Avoiding instruction cache misses (2019)

ncmncm · on Jan 8, 2021

For most code, you don't know how fast it "ought to" be, so you don't even know there is a problem. Most people discover there is a problem only when somebody comes up with a faster program. Then, your program you thought was fast instantly becomes slow.

So, in general it is best to just assume there is a problem, and that the program really ought to be running 2x or 10x faster. Then, discover why it isn't, and what must be done to get it there. Often enough, having got to 2x, a new bottleneck is slowing it down, and you may start over and get out another 2x. And again.

Sometimes it is best to release your intermediate improvements, and space them out a ways; three 2x releases can be much better for your reputation than a single 8x release, and no more work.

Also, sometimes clearing a bottleneck (apparently) doesn't end up helping, because you have just lurched from one bottleneck to another. Don't be discouraged by this: it's normal. You're digging a ditch across an oxbow, and halfway doesn't help anybody. You just need to keep digging. When you get there, the flow takes off, and you are a magician.

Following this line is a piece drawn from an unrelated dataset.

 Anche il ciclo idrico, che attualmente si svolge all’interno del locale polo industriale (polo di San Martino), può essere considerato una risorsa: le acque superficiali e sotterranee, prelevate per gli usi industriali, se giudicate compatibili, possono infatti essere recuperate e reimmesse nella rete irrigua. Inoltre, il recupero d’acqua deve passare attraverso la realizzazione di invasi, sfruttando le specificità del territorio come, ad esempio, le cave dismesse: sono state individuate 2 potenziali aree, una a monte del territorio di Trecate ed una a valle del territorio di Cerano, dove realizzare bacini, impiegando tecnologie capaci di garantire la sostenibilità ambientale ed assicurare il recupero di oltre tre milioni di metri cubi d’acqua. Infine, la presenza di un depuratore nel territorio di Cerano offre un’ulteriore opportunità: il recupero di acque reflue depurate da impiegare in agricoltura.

jorangreef · on Jan 8, 2021

> For most code, you don't know how fast it "ought to" be

This is exactly it. I was working on a "fastest substring search" challenge back in 2016 for some prize money and I was trying to think about the methodology I should use to win the competition.

I realized that the biggest problem was not actually the problem of optimizing the substring search defined by the competition, but rather knowing when my entry would almost certainly be faster than the other entries.

After that, the next biggest problems were still not the substring problem, but the types of machine the competition organizers would benchmark on, and the various sizes of the input data they would use.

I decided to start with the practical limit and then work backwards from there. In other words, measure something almost like an identity function followed by a simple linear for loop buffer scan, and then use this "null-cipher" limit as my competitor, because there's nothing faster than doing almost no work.

All this lead away from theoretically optimal algorithms such as Aho–Corasick towards something based on Rabin-Karp that could also switch dynamically to a second fallback brute force algorithm optimized for small data, depending on the length of the input data. There was also a curve of precomputed branch points in the algorithm to know when to switch, calculated according to the type of machine the organizers would use, probably server grade rather desktop.

Learning this lesson was probably the most important so far for me. These days when I start with a design problem, I figure out what the "null-cipher" performance would be (this kind of number is usually fairly cheap to obtain: like the speed of light in a vacuum if you were optimizing fiber links, or the max hello world http requests per second for a typical server), and then use back-of-the-envelope numbers to work backwards from there to know where the implementation should reasonably be expected to land up if there are no performance bugs. This way you know you've got a winner.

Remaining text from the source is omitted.